ANOTAÇÕES DE 18 DE AGOSTO

A experimentada tradutora e dicionarista Ivone C. Benedetti estréia agora na ficção com IMMACULADA, que mereceu uma caprichada edição da WMF Martins Fontes, quanto ao tratamento do texto, paginação, etc,  que infelizmente não se refletiu na escolha da capa. Sendo romance de autor desconhecido, o título já não ajuda muito, é sem graça e inócuo, e uma capa expressiva seria essencial. Porém, a montagem de imagens feita por Rodrigo Rodrigues dificilmente chamará a atenção do leitor incauto. Esperemos que numa próxima edição, escolham outra.

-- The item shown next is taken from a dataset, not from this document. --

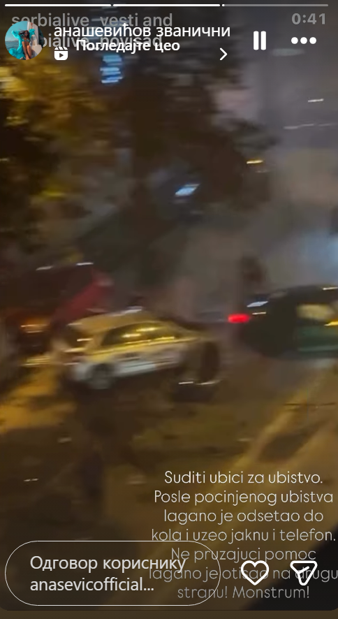- Suditi ubici za ubistvo. Posle počinjenog ubistva lagano je odšetao do kola i uzeo jaknu i telefon. Ne pružajući pomoć lagano je otišao na drugu stranu! Monstrum! - napisala je revoltirana i potresena Ana na Instagramu.
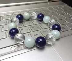 14mm玉本翡翠4個&ラピスラズリ5個&透明本水晶5個ブレスレット(シリコンワイヤー 腕サイズ15.1~16.5cm用) 【S】

Li as cem primeiras páginas e posso garantir: Benedetti é uma narradora hábil, certamente entende do riscado: estou no ponto em que Francisco, o personagem principal, viúvo convicto, instado pelo pai, Evaristo, e pelo sócio Carlinhos, pede a mão de Immaculada (que tem apenas 10 anos e um encanto infantil) aos pais, para dali a cinco anos, quando ela fizer 15 anos. Tudo em nome dos negócios, pois há interesse em terras, que aproximam as duas famílias. No entanto Helena, mãe da menina (belíssima mulher, pela qual Francisco tem forte atração) é contra o compromisso, e quer que a própria Immaculada decida no seu aniversário de 16 anos, que seria em maio de 1933, o que situa o momento em que estou na trama em 1928.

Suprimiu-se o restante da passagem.